The site is right on the outskirts of Selcuk and easily accessible. I wasn't complaining about the lack of crowds though!
The site is mostly rubble now but there are tantalising hints of what it must once have been like. This model in the Selcuk museum gives an idea of the sheer scale of the place.
The original temple here dates back to the Bronze age and was destroyed by flood.
The temple had a tempestuous life, destroyed by arson. rebuilt, destroyed again....
Like many of the sites in Turkey, the columns seem to have been randomly reconstructed with odds and ends of masonry. I suppose this travesty does give an idea of the height of the original column but still.....
Much of the site slumbers buried under the scrub grassland, deserted apart from a few tortoises exploring the boulder strewn ground.
The heart of the temple is now quite swampy so it looks a lot greener.

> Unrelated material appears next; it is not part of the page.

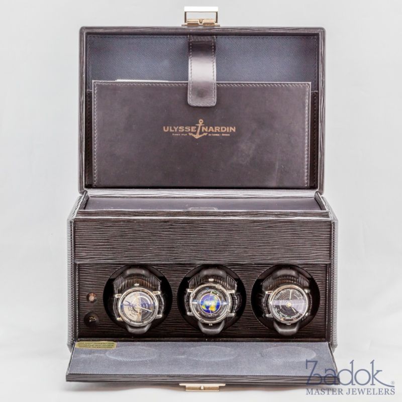 299000.00 Price:299000.00Ulysse Nardin Platinum Trilogy Men’s Astrological Watches Limited Edition 26/100Previously owned. Mint condition. Never worn. Comes in display box with all papers. Payment is due within 48 hours or the item will be re-listed. Full Retail Price: $295,000 Warranty: 12-month Zadok Jewelers warranty Description:-- Case material: Platinum, Strap material: Leather, Crystal: Sapphire-- Presentation box with three individual built-in battery watch winders and watch repair kit-- Astrolabium Galileo Galilei: 41mm, Self-winding, 30m water resistant. Indicates position of the sun, moon, and stars as seen from earth. Also indicates sunrise and sunset, dawn and dusk, moonphases, moonrise and moonset, eclipses of the sun and moon, and the month and day of the week.-- Planetarium Copernicus: 41mm, Self-winding, 30m water resistant. Indicates astronomical positions of the planets in relation to the Sun and Earth. Perpetual calendar. Zodiac signs.-- Tellurium Johannes Kepler: 43mm, self-winding, 30m water resistant. Earth rotates in its true geographical shape as seen from the North Pole. Flexible spring bends from the Tropic of Cancer to the Tropic of Capricorn to reveal what part of the Earth is lit by the Sun. Moon rotates around the sun.-- Each watch has a strap buckle clasp-- Limited Edition 26/100 This timepiece is being sold by Zadok Jewelers in Houston, Texas, an authorized retailer of Ulysse Nardin. If you are in the Houston area, you are welcome to drop by our store anytime to see this timepiece. Ask for Abby or AJ. Please don’t hesitate to contact us with any questions. Zadok Jewelers1749 Post Oak Blvd.Houston, TX 77056Store, direct (Abby or AJ): +1 713-434-6750 (M-F 10 a.m. - 6 p.m. CST)Store, main: +1 713-960-8950Store, toll-free: 800-333-3767 Shipping: DomesticShipping within the continental U.S. is complimentary UPS expedited/fully insured/signature required.*Please note: Texas state law requires us to charge a sales tax of 8.25% on any item that will be shipped to a Texas address. InternationalInternational shipping charges vary based on destination. This amount is automatically calculated by eBay. International shipping will be FedEx International Priority/fully insured/signature required. Countries in which we’re fortunate to have very satisfied customers: Australia, New Zealand, Russia, China (including Hong Kong), Japan, Malaysia, Thailand, Singapore, Saudi Arabia, Kuwait, Qatar, U.K., France, Germany, Switzerland, Canada & Mexico.WE NO LONGER SHIP TO MEXICO OR ARGENTINA. OUR APOLOGIES. *Please note: List price does not include any VAT’s, customs or duties taxes, or other fees the buyer may incur after we ship; all of these are the responsibility of the recipient upon delivery. About our photographs:The item pictured is always the actual item for sale. Our photographs are taken in-house at Zadok Jewelers by Zadok staff. The only detail altered in any photo is to hide the serial number of the item. We are happy to provide additional photos if requested. About Zadok Jewelers:Zadok Jewelers is an independent luxury jewelry store and an authorized retailer of Ulysse Nardin. “Master jewelers for seven generations.” “Our reputation is our trademark.” Thanks to our customers, Zadok Jewelers is one of the largest independent luxury jewelry stores in the United States. We have been in the same Uptown Houston location since 1976. For our Better Business Bureau information, including our ‘A+’ rating, please Google “Zadok Jewelers Better Business Bureau.” eBay does not allow us to post links to outside websites. To read more about us, please Google “Zadok Jewelers.” Thank you. Zadok Jewelers’ Return Policy:We guarantee customer satisfaction. If for any reason you are not happy with your purchase, we will issue a refund.In the event of a return, please contact us for a return authorization number and details about returning the merchandise within five days. Once we have issued your RA#, simply ship the item back within two business days – fully insured, for the customer’s protection – in the same condition and with all the boxes/paperwork/accessories with which it was originally shipped. Failure to comply with our returns guidelines can result in denial of return shipment or fees to replace lost boxes/paperwork/accessories. For more information about timepiece servicing at Zadok Jewelers, please Google “Zadok Jewelers.” Click on our website. At the top of the home page, hover over “Service & Repair” and then click on “Watch Repair & Maintenance.”

This gives an indication of the location of the columns.
Most of the contents or the temple are now in the British Museum but the local one in Selcuk has the two main temple statues. This one is known as the beautiful one and it is not misnamed.
The quality of the carving is breathtaking and the whole piece just radiates beauty and serenity. Even better, it is not fenced off so you can get close enough to appreciate the quality of the workmanship that went into this statue.
A close up of the detail down the side panels of the skirt - bees yes but the Tudor Rose? Some symbols recur in the most unlikely places....
The Ephesus Artemis is distinctly different from the Greek goddess and her cult shares more similarities with that of Cybele, the mother goddess of the region.